Dataset excerpts>
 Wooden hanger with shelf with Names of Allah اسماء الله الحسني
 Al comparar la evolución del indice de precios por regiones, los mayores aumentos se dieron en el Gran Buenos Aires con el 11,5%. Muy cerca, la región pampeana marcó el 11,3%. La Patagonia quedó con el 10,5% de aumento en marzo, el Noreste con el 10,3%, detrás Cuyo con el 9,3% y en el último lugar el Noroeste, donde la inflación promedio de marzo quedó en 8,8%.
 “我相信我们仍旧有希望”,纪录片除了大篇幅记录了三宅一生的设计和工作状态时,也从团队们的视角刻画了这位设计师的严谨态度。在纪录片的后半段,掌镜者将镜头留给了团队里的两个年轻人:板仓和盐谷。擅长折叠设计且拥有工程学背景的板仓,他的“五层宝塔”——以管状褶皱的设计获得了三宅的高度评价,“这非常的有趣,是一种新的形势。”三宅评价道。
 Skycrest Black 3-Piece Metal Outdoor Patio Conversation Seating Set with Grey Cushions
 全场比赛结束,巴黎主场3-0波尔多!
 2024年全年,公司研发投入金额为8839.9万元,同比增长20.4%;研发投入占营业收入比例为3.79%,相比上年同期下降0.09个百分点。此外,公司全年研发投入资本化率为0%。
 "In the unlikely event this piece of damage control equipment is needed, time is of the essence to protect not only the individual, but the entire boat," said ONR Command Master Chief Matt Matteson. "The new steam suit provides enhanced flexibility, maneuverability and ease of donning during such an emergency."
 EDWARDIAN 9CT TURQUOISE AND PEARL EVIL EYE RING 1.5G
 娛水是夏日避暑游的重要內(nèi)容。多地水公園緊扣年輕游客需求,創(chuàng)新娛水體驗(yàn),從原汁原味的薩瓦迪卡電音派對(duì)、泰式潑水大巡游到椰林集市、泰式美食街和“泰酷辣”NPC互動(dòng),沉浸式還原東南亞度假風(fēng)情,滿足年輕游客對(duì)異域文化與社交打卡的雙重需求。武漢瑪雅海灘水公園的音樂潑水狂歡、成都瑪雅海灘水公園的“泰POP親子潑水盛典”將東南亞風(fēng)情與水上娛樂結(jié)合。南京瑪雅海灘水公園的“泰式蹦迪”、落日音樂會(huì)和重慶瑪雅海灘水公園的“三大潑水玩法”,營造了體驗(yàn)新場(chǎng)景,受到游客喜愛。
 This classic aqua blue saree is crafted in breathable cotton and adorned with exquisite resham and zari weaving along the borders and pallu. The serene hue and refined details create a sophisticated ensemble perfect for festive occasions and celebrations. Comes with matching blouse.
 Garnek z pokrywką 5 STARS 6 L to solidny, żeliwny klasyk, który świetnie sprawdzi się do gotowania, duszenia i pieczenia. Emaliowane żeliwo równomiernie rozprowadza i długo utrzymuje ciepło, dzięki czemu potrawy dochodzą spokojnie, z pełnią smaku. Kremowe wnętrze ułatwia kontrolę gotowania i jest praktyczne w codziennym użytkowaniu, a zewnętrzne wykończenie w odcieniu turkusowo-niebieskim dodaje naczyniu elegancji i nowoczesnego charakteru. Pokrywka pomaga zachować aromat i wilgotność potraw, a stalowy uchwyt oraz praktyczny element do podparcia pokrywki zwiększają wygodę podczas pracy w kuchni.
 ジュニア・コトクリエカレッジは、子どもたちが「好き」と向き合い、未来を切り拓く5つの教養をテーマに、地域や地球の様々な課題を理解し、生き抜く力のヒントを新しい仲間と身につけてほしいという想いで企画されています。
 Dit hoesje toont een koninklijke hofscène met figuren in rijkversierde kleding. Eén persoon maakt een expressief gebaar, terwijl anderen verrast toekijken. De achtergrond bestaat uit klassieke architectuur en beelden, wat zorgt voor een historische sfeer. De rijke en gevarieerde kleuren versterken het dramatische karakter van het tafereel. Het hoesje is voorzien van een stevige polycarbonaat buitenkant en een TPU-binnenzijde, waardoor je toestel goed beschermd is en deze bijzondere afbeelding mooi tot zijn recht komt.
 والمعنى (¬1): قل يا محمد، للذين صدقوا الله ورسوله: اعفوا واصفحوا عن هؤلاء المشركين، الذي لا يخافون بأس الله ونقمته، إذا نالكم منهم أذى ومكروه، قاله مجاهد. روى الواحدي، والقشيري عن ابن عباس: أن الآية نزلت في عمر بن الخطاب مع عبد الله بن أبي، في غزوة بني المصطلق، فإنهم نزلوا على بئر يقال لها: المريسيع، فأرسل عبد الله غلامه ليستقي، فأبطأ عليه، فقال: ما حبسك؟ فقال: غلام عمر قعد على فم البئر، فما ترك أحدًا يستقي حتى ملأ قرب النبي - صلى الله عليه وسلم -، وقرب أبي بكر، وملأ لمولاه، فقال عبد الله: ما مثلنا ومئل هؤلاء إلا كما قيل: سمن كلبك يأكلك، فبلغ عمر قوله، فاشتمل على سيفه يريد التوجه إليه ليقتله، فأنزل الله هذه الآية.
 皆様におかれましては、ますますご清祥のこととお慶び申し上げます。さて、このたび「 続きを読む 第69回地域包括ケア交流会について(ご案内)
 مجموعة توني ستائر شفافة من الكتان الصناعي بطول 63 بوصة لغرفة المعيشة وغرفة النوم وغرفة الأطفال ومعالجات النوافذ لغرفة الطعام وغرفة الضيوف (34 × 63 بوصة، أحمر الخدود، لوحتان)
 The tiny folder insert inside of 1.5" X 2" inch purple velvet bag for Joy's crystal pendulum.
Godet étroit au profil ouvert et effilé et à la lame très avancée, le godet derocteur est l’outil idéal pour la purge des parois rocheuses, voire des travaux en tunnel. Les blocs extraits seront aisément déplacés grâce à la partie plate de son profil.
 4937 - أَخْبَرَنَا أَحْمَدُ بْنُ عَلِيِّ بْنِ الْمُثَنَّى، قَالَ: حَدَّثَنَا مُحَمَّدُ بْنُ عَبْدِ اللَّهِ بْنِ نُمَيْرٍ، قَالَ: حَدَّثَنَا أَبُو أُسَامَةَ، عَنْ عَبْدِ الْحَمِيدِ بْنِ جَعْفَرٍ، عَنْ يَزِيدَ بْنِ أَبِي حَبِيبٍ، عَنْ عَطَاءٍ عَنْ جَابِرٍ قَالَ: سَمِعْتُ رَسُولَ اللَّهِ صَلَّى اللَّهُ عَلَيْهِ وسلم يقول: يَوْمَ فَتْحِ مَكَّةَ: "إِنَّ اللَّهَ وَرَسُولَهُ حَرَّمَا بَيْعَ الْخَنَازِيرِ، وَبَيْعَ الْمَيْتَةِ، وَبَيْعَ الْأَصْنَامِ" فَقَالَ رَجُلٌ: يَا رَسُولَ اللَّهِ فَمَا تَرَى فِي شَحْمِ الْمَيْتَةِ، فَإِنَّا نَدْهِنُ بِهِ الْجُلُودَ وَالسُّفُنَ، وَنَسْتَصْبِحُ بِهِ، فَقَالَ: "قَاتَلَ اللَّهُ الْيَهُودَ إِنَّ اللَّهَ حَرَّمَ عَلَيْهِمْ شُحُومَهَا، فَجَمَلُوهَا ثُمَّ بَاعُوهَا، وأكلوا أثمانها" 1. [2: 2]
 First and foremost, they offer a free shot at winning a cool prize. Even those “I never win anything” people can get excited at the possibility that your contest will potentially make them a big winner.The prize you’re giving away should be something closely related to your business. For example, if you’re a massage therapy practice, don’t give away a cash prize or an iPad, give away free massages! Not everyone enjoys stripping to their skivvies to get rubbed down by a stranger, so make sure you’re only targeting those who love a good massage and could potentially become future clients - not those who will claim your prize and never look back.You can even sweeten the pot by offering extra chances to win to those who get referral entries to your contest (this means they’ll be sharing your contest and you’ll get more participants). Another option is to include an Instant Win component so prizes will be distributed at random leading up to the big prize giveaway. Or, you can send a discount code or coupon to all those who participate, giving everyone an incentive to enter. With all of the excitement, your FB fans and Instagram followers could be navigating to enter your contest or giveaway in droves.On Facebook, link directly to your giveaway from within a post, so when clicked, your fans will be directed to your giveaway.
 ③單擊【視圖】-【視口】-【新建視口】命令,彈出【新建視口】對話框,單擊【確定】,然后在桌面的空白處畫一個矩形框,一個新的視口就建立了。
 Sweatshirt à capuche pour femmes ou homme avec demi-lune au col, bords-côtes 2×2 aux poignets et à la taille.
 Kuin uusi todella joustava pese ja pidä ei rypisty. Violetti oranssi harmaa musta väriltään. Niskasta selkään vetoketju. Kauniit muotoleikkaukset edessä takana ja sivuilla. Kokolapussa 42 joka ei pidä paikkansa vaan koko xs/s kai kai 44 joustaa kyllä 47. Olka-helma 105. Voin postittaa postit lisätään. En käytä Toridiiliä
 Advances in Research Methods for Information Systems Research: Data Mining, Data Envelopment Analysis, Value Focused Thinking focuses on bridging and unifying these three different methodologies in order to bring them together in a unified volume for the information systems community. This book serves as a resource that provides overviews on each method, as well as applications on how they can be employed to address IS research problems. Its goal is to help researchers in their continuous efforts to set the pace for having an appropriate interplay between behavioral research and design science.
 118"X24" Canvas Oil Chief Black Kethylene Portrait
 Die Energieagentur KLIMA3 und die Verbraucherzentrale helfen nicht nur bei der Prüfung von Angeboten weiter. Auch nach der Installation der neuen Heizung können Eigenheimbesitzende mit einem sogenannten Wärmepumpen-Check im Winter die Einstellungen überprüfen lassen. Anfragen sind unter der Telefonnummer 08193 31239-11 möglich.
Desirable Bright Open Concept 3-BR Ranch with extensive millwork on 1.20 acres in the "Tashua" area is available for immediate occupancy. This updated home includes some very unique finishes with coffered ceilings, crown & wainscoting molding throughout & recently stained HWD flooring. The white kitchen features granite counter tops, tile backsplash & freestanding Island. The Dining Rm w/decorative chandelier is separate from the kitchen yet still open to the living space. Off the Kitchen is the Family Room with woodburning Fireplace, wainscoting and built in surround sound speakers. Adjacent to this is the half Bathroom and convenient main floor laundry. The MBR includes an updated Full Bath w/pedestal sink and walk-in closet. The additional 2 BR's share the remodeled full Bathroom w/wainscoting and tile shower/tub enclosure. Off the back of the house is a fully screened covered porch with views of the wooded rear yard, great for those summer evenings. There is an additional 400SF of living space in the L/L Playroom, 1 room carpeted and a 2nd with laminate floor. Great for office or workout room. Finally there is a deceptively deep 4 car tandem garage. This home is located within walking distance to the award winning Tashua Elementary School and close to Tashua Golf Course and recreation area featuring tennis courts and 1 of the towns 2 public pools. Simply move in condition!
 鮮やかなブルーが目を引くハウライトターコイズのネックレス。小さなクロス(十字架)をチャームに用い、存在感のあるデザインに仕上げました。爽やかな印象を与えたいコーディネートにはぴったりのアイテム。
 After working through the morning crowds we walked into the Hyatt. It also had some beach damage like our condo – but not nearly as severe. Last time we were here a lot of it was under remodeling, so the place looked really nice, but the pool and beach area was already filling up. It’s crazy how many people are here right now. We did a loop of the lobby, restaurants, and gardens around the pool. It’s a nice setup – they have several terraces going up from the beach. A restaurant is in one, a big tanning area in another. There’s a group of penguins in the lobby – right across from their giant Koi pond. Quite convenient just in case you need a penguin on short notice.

EXERCISE PROMPT>
Output all lines from the beginning of the data up to the line holding "2024年全年,公司研发投入", that line included, exactly as written.

EXERCISE RESULT>
 Wooden hanger with shelf with Names of Allah اسماء الله الحسني
 Al comparar la evolución del indice de precios por regiones, los mayores aumentos se dieron en el Gran Buenos Aires con el 11,5%. Muy cerca, la región pampeana marcó el 11,3%. La Patagonia quedó con el 10,5% de aumento en marzo, el Noreste con el 10,3%, detrás Cuyo con el 9,3% y en el último lugar el Noroeste, donde la inflación promedio de marzo quedó en 8,8%.
 “我相信我们仍旧有希望”,纪录片除了大篇幅记录了三宅一生的设计和工作状态时,也从团队们的视角刻画了这位设计师的严谨态度。在纪录片的后半段,掌镜者将镜头留给了团队里的两个年轻人:板仓和盐谷。擅长折叠设计且拥有工程学背景的板仓,他的“五层宝塔”——以管状褶皱的设计获得了三宅的高度评价,“这非常的有趣,是一种新的形势。”三宅评价道。
 Skycrest Black 3-Piece Metal Outdoor Patio Conversation Seating Set with Grey Cushions
 全场比赛结束,巴黎主场3-0波尔多!
 2024年全年,公司研发投入金额为8839.9万元,同比增长20.4%;研发投入占营业收入比例为3.79%,相比上年同期下降0.09个百分点。此外,公司全年研发投入资本化率为0%。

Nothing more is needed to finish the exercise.